Meijer Danielle, van Agthoven Ton, Bosma Peter T, Nooter Kees, Dorssers Lambert C J
Department of Pathology, Josephine Nefkens Institute, Erasmus MC-University Medical Center, Rotterdam, the Netherlands.
Mol Cancer Res. 2006 Jun;4(6):379-86. doi: 10.1158/1541-7786.MCR-05-0156.
Antiestrogens, such as tamoxifen, are widely used for endocrine treatment of estrogen receptor-positive breast cancer. However, as breast cancer progresses, development of tamoxifen resistance is inevitable. The mechanisms underlying this resistance are not well understood. To identify genes involved in tamoxifen resistance, we have developed a rapid screening method. To alter the tamoxifen-sensitive phenotype of human ZR-75-1 breast cancer cells into a tamoxifen-resistant phenotype, the cells were infected with retroviral cDNA libraries derived from human placenta, human brain, and mouse embryo. Subsequently, the cells were selected for proliferation in the presence of 4-hydroxy-tamoxifen (OH-TAM) and integrated cDNAs were identified by sequence similarity searches. From 155 OH-TAM-resistant cell colonies, a total of 25 candidate genes were isolated. Seven of these genes were identified in multiple cell colonies and thus cause antiestrogen resistance. The epidermal growth factor receptor, platelet-derived growth factor receptor-alpha, platelet-derived growth factor receptor-beta, colony-stimulating factor 1 receptor, neuregulin1, and fibroblast growth factor 17 that we have identified have been described as key regulators in the mitogen-activated protein kinase pathway. Therefore, this pathway could be a valuable target in the treatment of patients with breast cancer resistant to endocrine treatment. In addition, the putative gene LOC400500, predicted by in silico analysis, was identified. We showed that ectopic expression of this gene, designated as breast cancer antiestrogen resistance 4 (BCAR4), caused OH-TAM resistance and anchorage-independent cell growth in ZR-75-1 cells and that the intact open reading frame was required for its function. We conclude that retroviral transfer of cDNA libraries into human breast cancer cells is an efficient method for identifying genes involved in tamoxifen resistance.

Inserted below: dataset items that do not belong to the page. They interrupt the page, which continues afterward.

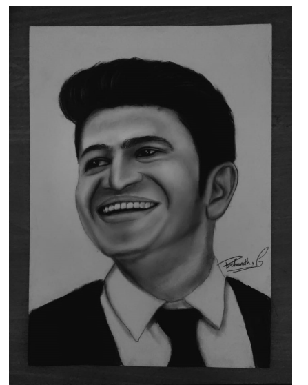
ಭರತ್ ಜಿ ದ್ವಿತೀಯ ಬಿಬಿಎ
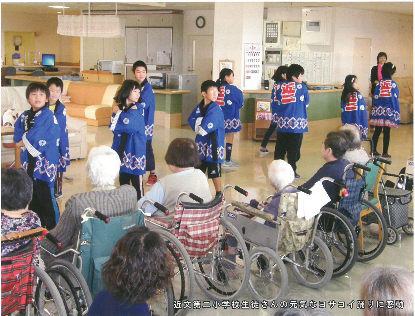
近文第二小学校生徒さんの元気なヨサヨイ踊りに感動
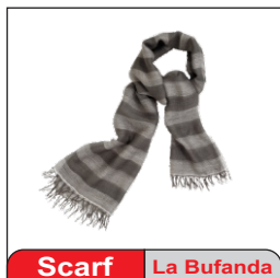
Scarf La Bufanda
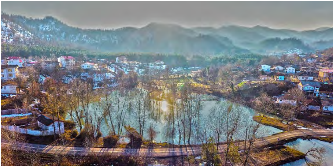
شکل ۳: تالاب استیل آستارا
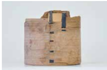
写真3 志羅山遺跡出土の曲物(まげもの)
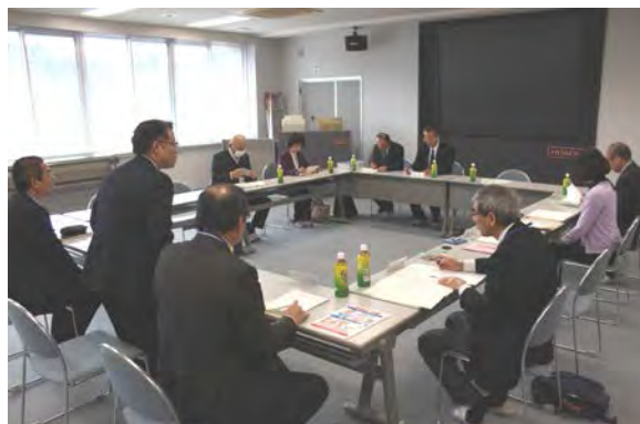
第4回 支援調整会議のようす
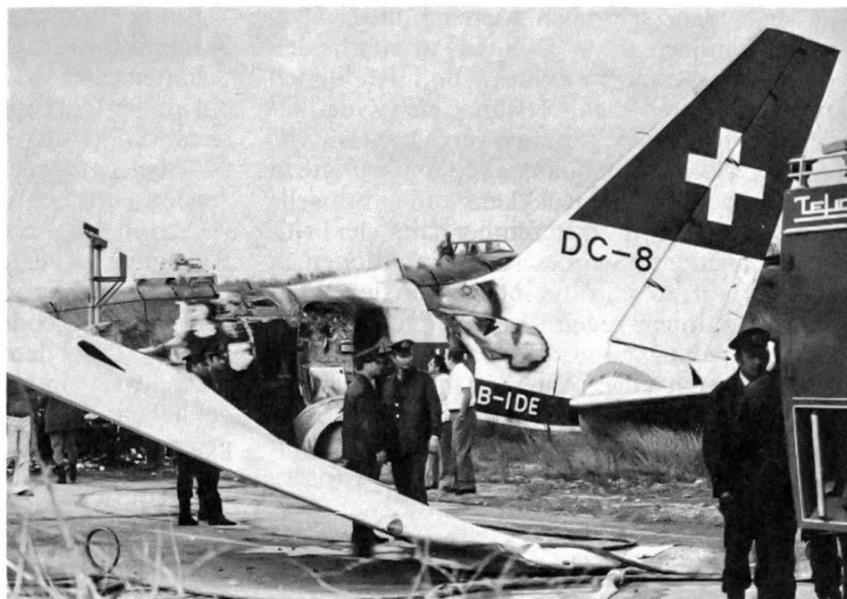
Swissair-Unglück in Athen

Dem Blick auf die politische Szene in Übersee zeigt sich ein sehr unruhiges Bild. In Südkorea ist der langjährige, mit diktatorischer Gewalt herrschende Präsident Park Tschung-Hi von seinem Geheimdienstchef ermordet worden. In Indien ist im Gefolge von Wahlen die vormalige Ministerpräsidentin Indira Gandhi im Triumph wieder an die Spitze der Regierung zurückgekehrt. Israel hat weitere Teile des Sinai geräumt und nach einer mehr als 100% betragenden Inflation eine Währungsreform durchgeführt. Das entwertete israelische Pfund ist durch den Schekel abgelöst worden. Das politische Schicksal von Cis-Jordanien ist immer noch ungelöst; wegen der israelischen Siedlungspolitik in den besetzten arabischen Gebieten ist es neuerdings zu harten Auseinandersetzungen gekommen. Der Frieden mit
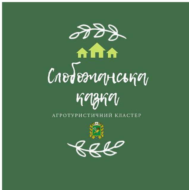
Рис. 5. Логотип агротуристичного кластеру «Слобожанська казка» Складено авторами

дальність [5]. На рис. 5 нами представлено логотип майбутнього утворення.
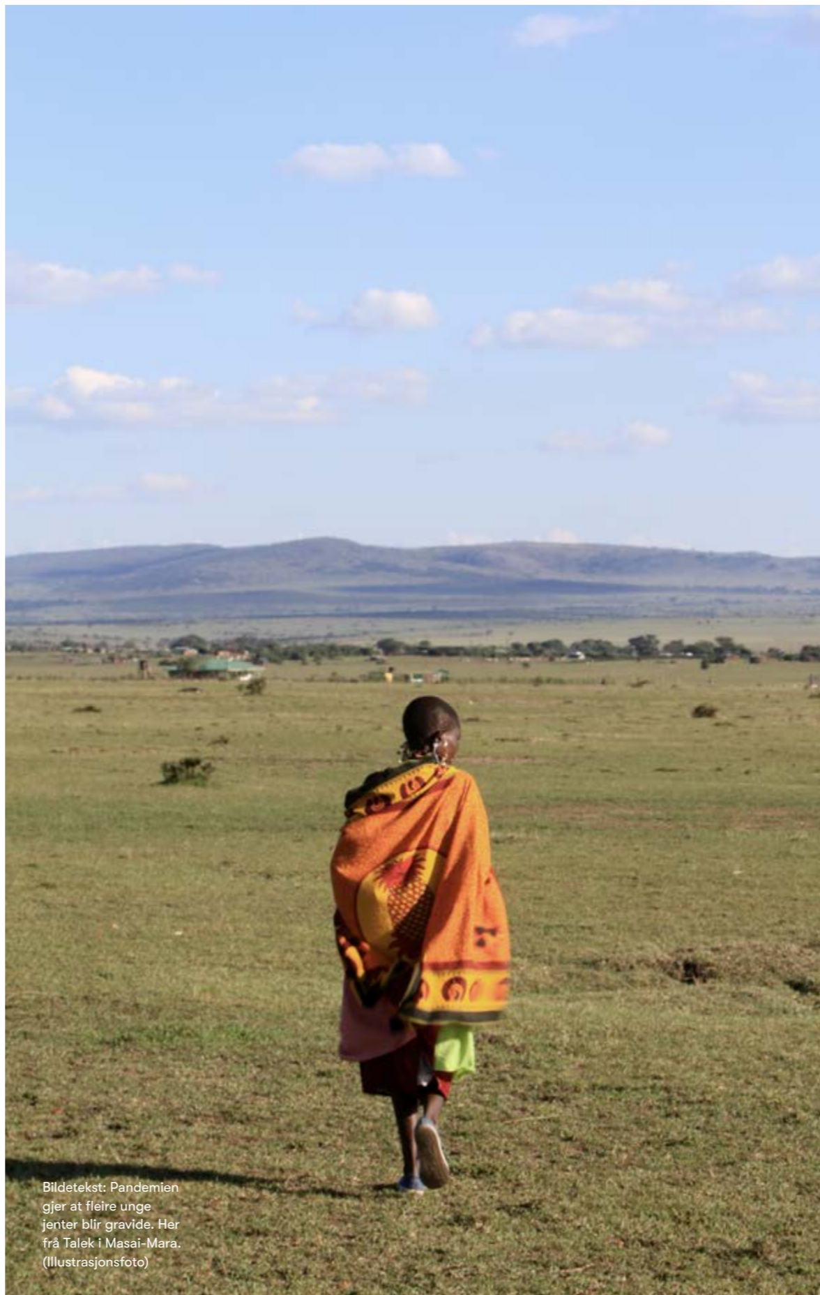
Bildetekst: Pandemien gjer at fleire unge jenter blir gravide. Her frå Talek i Masai-Mara. (Illustrasjonsfoto)

Han er spent på kor mange som kjem tilbake når skulane opnar att.
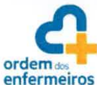
TABELA DE TAXAS/EMOLUMENTOS E QUOTAS
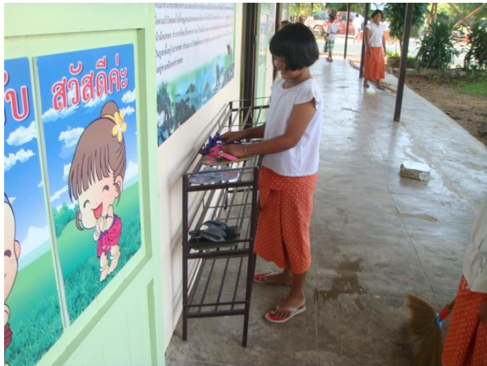
จัดรองเท้า
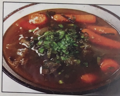
V2. Bánh Mì Bò Kho
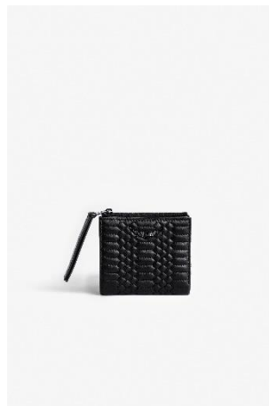
LWSG00048_NOIR ZV FOLD MAT SCALE VISCOSE | VISCOSE 175€ 117€ / 170€ 114€
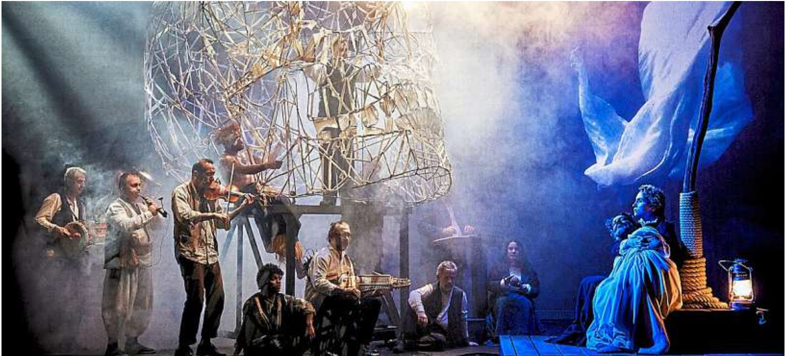
Kaldûn, pièce de Abdelwaheb Sefsaf présentée lors de Nuit blanche, met en scène la déportation des insurgés algériens vers la Nouvelle-Calédonie en 1873.
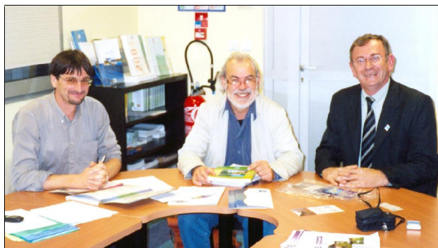
Reunião com GRAINE

A proposta ao TwinBasin visava não somente visita na sede da Agência Loire-Bretagne, mas também conhecer alguns projetos e ações implementadas com os recursos financeiros da Redevance , nas regiões de Poitiers e Niort, através de contratos com entidades regionais. Assim foram realizadas visitas e reuniões em prefeituras, conselhos regionais e associações e também visita aos Marais Poitevin.
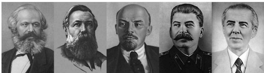
Karl Marx, Friedrich Engels, Vladimir Lenin, Joseph Stalin, Enver Hoxha 5 C l a s s i c s o f M a r x i s m
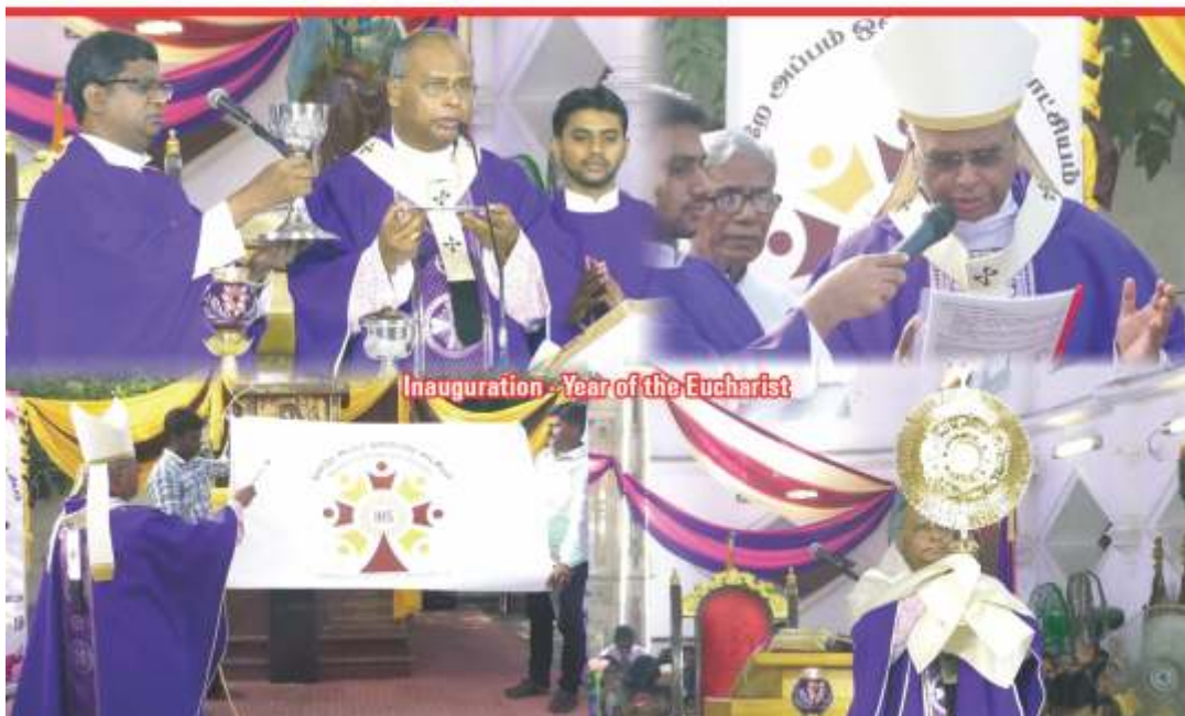
Inauguration - Year of the Eucharist

Hearty Congratulations and Prayerful wishes to the Golden & Silver Jubilarians
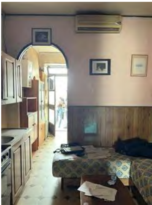
Salottino con area cottura
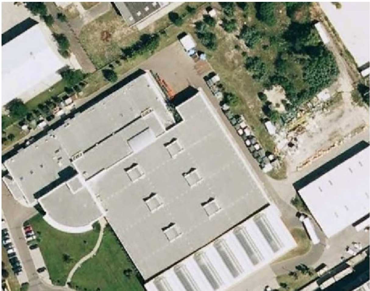
Részlet a tervezett M-IX-2 építési övezetben működő lapkiadó telephelyéről.

Az áruk tárolására, többnyire a telek nem beépített, burkolt, szabad területeit is igénybe veszik, ami sem a tárolás szempontjából (vagyonbiztonság, időjárási hatások), sem városképi szempontból nem lehet előnyös.
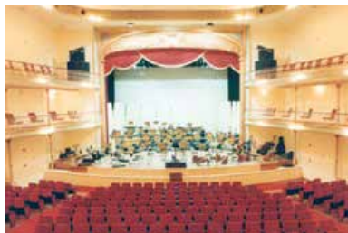
THEATRO S. PEDRO S. PAULO Brasile Brazil
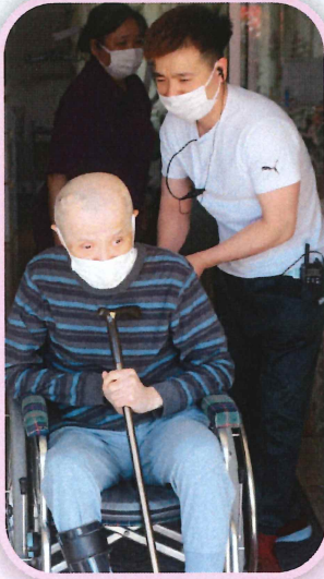
ギア支援員 これからも石蔭の里で一緒に頑張りましょう！

利用者さんと人生や家族・仕事について話したことが、同僚の方達が飲みを誘ってくれる時です。心優しいギア支援員ですので、この先も外国人スタッフのリーダーの一人として期待しています。
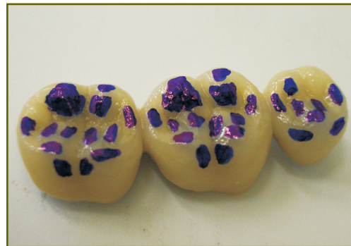
Рис. 9. Металлокерамический мостовидный протез, изготовленный по нашей методике

Изначальное моделирование фасеток стирания и воспроизведение углов дивергенции скатов боковых зубов на восковых репродукциях несъемных протезов позволяет, после процесса литья, получить каркасы уже с индивидуально оформленной, согласно ее возрастным изменениям, окклюзионной поверхностью (рис. 8).
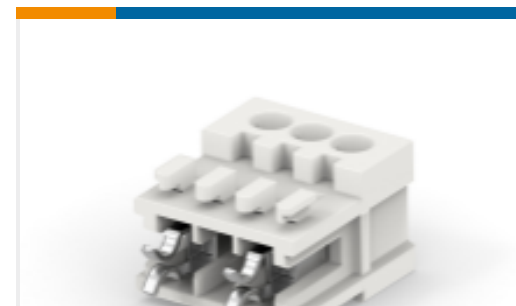
TE 产品编号1-2232890-3 3P MONOPLUG 2.5 SELECTIVELY LOADED
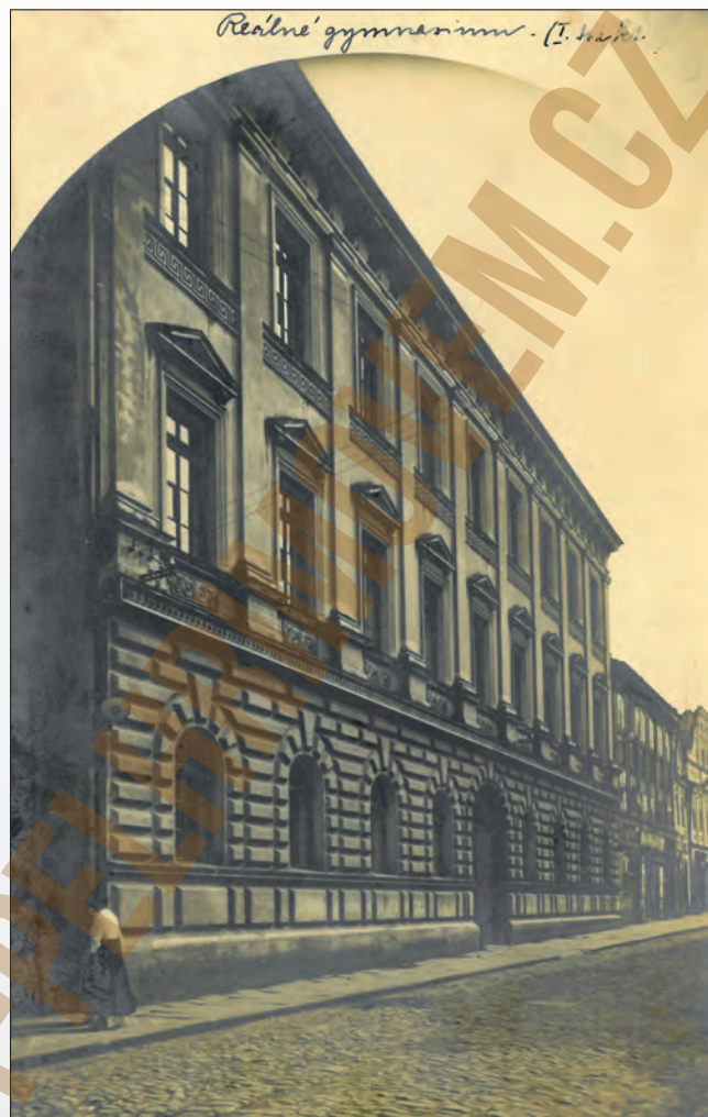
Vydali J. Šechtla a J. Voseček, Pelhřimov, F, 1921s
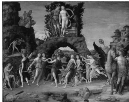
2. Lorenzo Costa, Couronnement d'une femme poète , Paris, Musée du Louvre.

Face à la pertinence de ces analyses, on regrette-
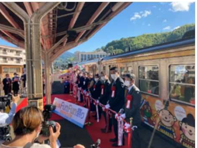
沿線首長等によるテープカット
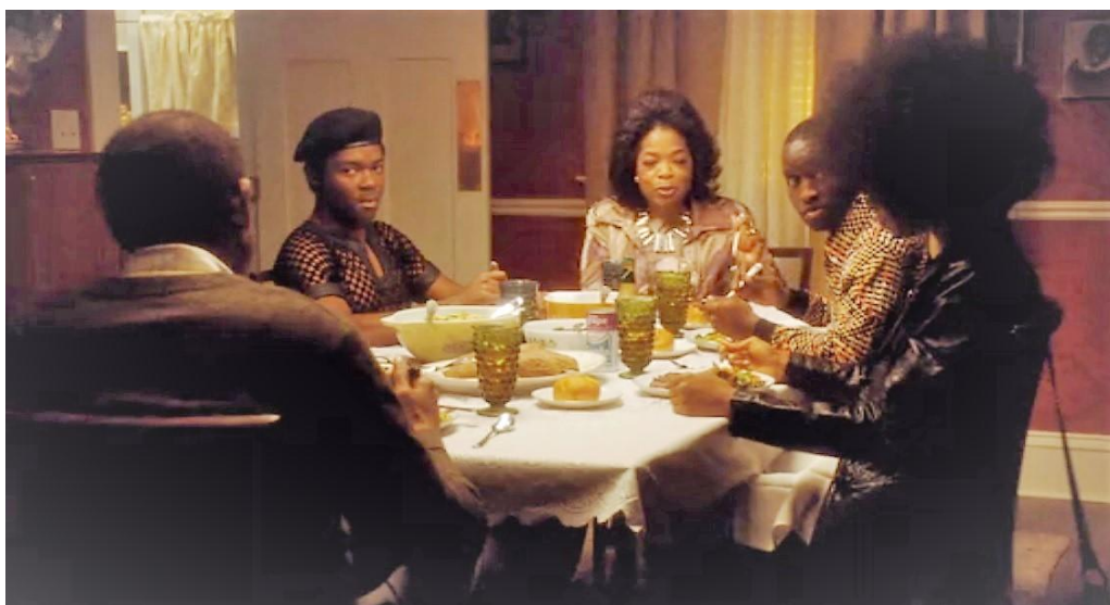
Imagem 4 – Cena de “O mordomo da casa branca” em que dois membros do BPP aparecem (a esquerda de boina e a primeira à direita)

Mesmo após o fim da escravidão, o preconceito aos negros continua a ser praticado através de ideias, atitudes e leis separatistas como a segregação, que foi legalizada pela Suprema Corte em 1896. Ela ergueu um “muro” entre negros e brancos, criando áreas separadas para ambos em locais públicos como restaurantes, banheiros, escolas e ônibus, caracterizando os negros como inferiores aos brancos. As revoltas que ocorriam quando indivíduos quebravam essa lei e a luta dos negros por direitos iguais e pelo fim da segregação racial podem ser observadas no filme “The Butler” (O mordomo da casa branca), 2013. Após muito tempo, tendo a segregação racial protegida por lei, o congresso, “pressionado pela participação da sociedade civil [...] aprovou em 1964 o Civil Rights Act (Lei dos Direitos Civis) que além de banir todo o tipo de discriminação; concedeu ao governo federal poderes para implementar a dessegregação” (OLIVEN, 2007, p.33). (imagem 4).

抗雌激素药物,如他莫昔芬,被广泛用于雌激素受体阳性乳腺癌的内分泌治疗。然而,随着乳腺癌的进展,他莫昔芬耐药的出现是不可避免的。这种耐药的潜在机制尚未完全明确。为了鉴定与他莫昔芬耐药相关的基因,我们开发了一种快速筛选方法。为了将人ZR-75-1乳腺癌细胞的他莫昔芬敏感表型转变为耐药表型,将这些细胞用源自人胎盘、人脑和小鼠胚胎的逆转录病毒cDNA文库进行感染。随后,在4-羟基他莫昔芬(OH-TAM)存在的情况下选择细胞进行增殖,并通过序列相似性搜索鉴定整合的cDNA。从155个OH-TAM耐药细胞克隆中,共分离出25个候选基因。其中7个基因在多个细胞克隆中被鉴定出来,因此导致抗雌激素耐药。我们鉴定出的表皮生长因子受体、血小板衍生生长因子受体-α、血小板衍生生长因子受体-β、集落刺激因子1受体、神经调节蛋白1和成纤维细胞生长因子17已被描述为丝裂原活化蛋白激酶途径中的关键调节因子。因此,该途径可能是治疗内分泌治疗耐药乳腺癌患者的一个有价值的靶点。此外,通过电子分析预测的假定基因LOC400500也被鉴定出来。我们发现,该基因(命名为乳腺癌抗雌激素耐药4,BCAR4)的异位表达导致ZR-75-1细胞产生OH-TAM耐药和非锚定依赖性细胞生长,并且其完整的开放阅读框是其功能所必需的。我们得出结论,将cDNA文库逆转录病毒转移到人乳腺癌细胞中是鉴定与他莫昔芬耐药相关基因的一种有效方法。